Inovasi ini mendapat dukungan penuh dari dosen pendamping, Siti Azizah Susilawati, S.Si., M.P., Ph.D. Menurutnya, pendekatan yang dilakukan tim Lentera Zyland sangat relevan dengan kebutuhan pendidikan modern. “Inovasi ini adalah contoh cemerlang bagaimana teknologi dapat dimanfaatkan untuk tujuan pedagogis. Penggunaan AR tidak hanya meningkatkan engagement atau keterlibatan siswa, tetapi juga membantu memvisualisasikan konsep matematika yang abstrak, sehingga lebih mudah dipahami oleh siswa dengan berbagai gaya belajar,” tutur Siti Azizah.

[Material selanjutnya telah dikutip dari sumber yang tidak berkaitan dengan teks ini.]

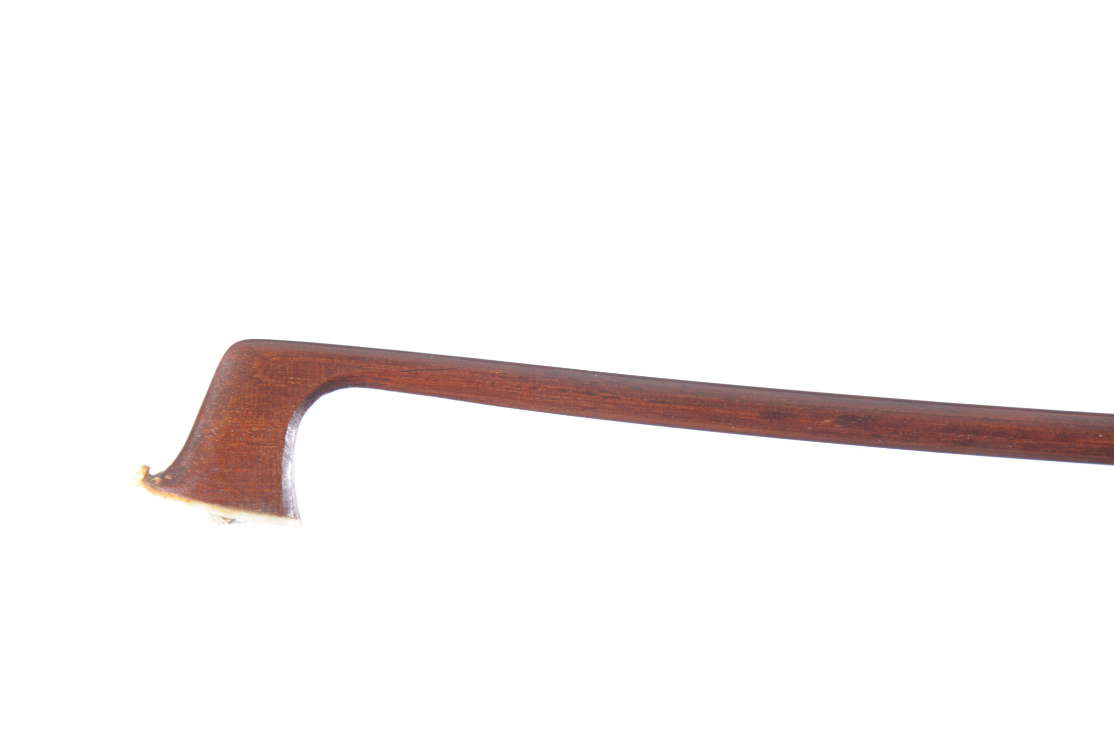 probablement fait par Pierre Cuniot vers 1880. Baguette en bois de pernambouc. Hausse ébène montée maillechort. Bouton 2 virolles en maillechort. 725 mm. 51 g sans mèche, ni garniture.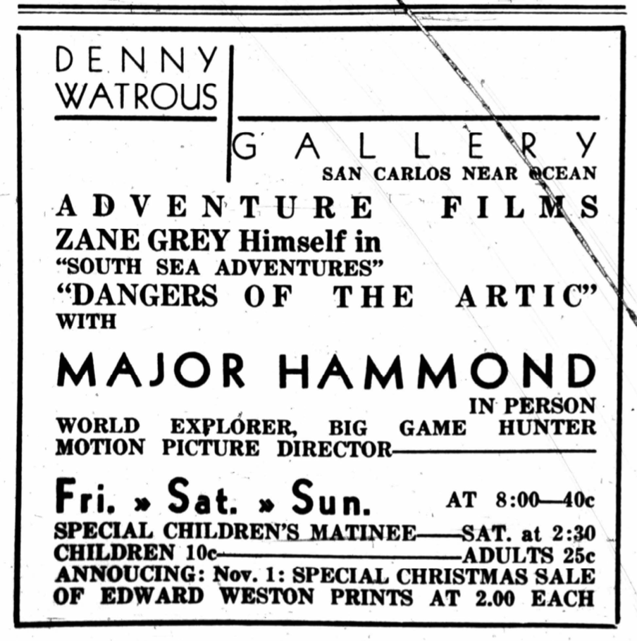 The first occurrence is a notice from Carmel’s influential Denny-Watrous Gallery in the Carmel Pine Cone on 26 October 1934. Amidst ballyhoo for screenings of “Adventure Films” and an appearance by “World Explorer, Big Game Hunter and Motion Picture Director” Major Hammond, the Gallery inserted this diminutive yet alluring tiding: “ANNOUNCING: NOV. 1: SPECIAL CHRISTMAS SALE OF EDWARD WESTON PRINTS AT $2.00 EACH.”[14]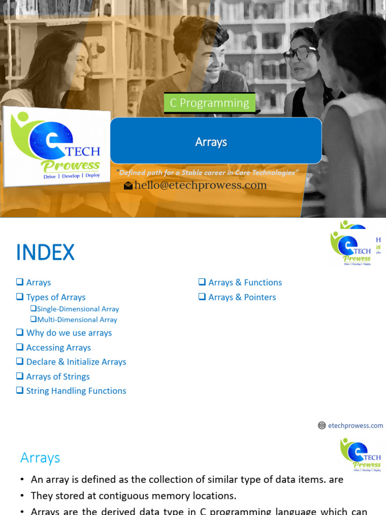 • Example: In a given data of exam conducted by a school, using arrays it is easy to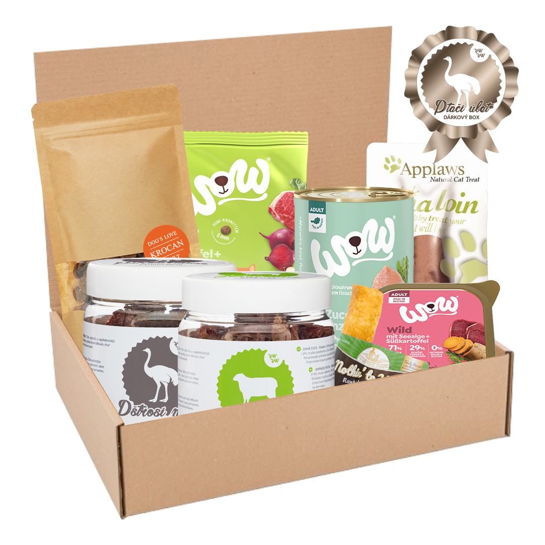 Výběr 11 nejlepších lahůdek s Raw Raw pamlsky Pštrosí maso zabalené do luxusního dárkového boxu. Vybrali jsme za vás ty nejlákavější dobroty s krůtím a kuřecím masem, doplnili o tuňákový steak, jako TOP lahůdku přidali Raw Raw pamlsky Pštrosí maso z limitované edice a navrch dali malé překvapení...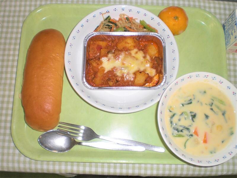 今日の給食は洋食です。主菜は、ポテトミートグラタンです。じゃがいも約42キロ、他にも豚肉、たまねぎ、ピーマン、マッシュルーム、大豆など合計すると約90キロ近い、たくさんの具材をつかって作っています。チーズもたっぷりかけて、焼き上げています。ぜひしっかり食べてもらえたらと思います。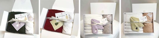 これからのホリデーシーズンに映える、限定カラーのタオルや刺繍入りハンカチを詰め合わせたアソートボックスです。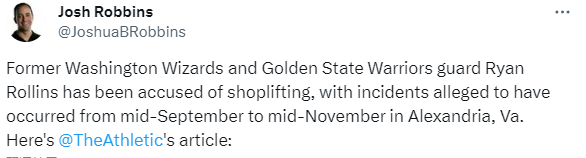 24直播网01月12日讯 ,据美媒The Athletic记者Josh Robbins报道,前勇士奇才球员罗林斯摊上事了,因多次偷东西被指控偷窃罪;据悉,21岁的罗林斯7次偷窃蜡烛、沐浴露等物品,每次金额都不超过1000美元。
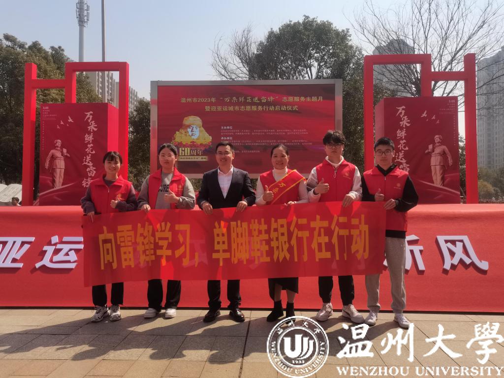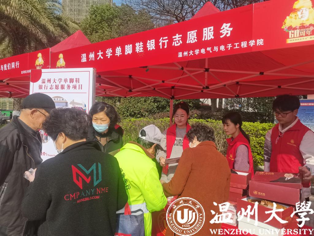 3月5日上午,温州市“万朵鲜花送雷锋”志愿服务主题月暨迎亚运城市志愿服务行动启动仪式在龙湾区新时代文明实践活动中心举行,黑料网 单脚鞋银行志愿服务队参加了本次现场活动并在志愿服务集市中为群众开展服务。

Kegiatan pengabdian ini disambut dengan sangat antusias oleh para siswa. Mereka tampak aktif dan gembira saat mencoba aplikasi dan mengerjakan kuis interaktif yang ada di dalamnya. Tim berharap, Zymath AR dapat terus dikembangkan dan diadopsi lebih luas untuk membantu mengubah cara pandang siswa terhadap matematika.

“Tujuan utama kami adalah mengasah kemampuan literasi dan numerasi siswa dengan cara yang menyenangkan dan relevan dengan dunia mereka,” ungkap salah seorang perwakilan dari tim Lentera Zyland Dhandy. “Kami ingin membuktikan bahwa matematika bukanlah sesuatu yang menakutkan, melainkan sebuah petualangan yang bisa dijelajahi.” tambahnya
Setelah asyik berinteraksi dengan kartu AR, para siswa tidak langsung selesai. Untuk mengukur sejauh mana pemahaman mereka setelah mengikuti dua sesi pembelajaran tersebut, mereka ditantang untuk mengerjakan kuis interaktif yang tersedia langsung di dalam aplikasi Zymath AR. Fitur ini memungkinkan tim untuk mendapatkan umpan balik instan mengenai efektivitas metode pembelajaran yang mereka terapkan.

Kegiatan ini merupakan implementasi kedua dari seri program yang dijalankan oleh Lentera Zyland, menunjukkan komitmen mereka untuk terus menciptakan inovasi dalam dunia pendidikan, khususnya bagi siswa di kelas inklusif. Melalui perpaduan antara buku dan teknologi AR, belajar hitung susun kini tak lagi monoton, melainkan menjadi sebuah pengalaman imersif yang tak terlupakan bagi para siswa.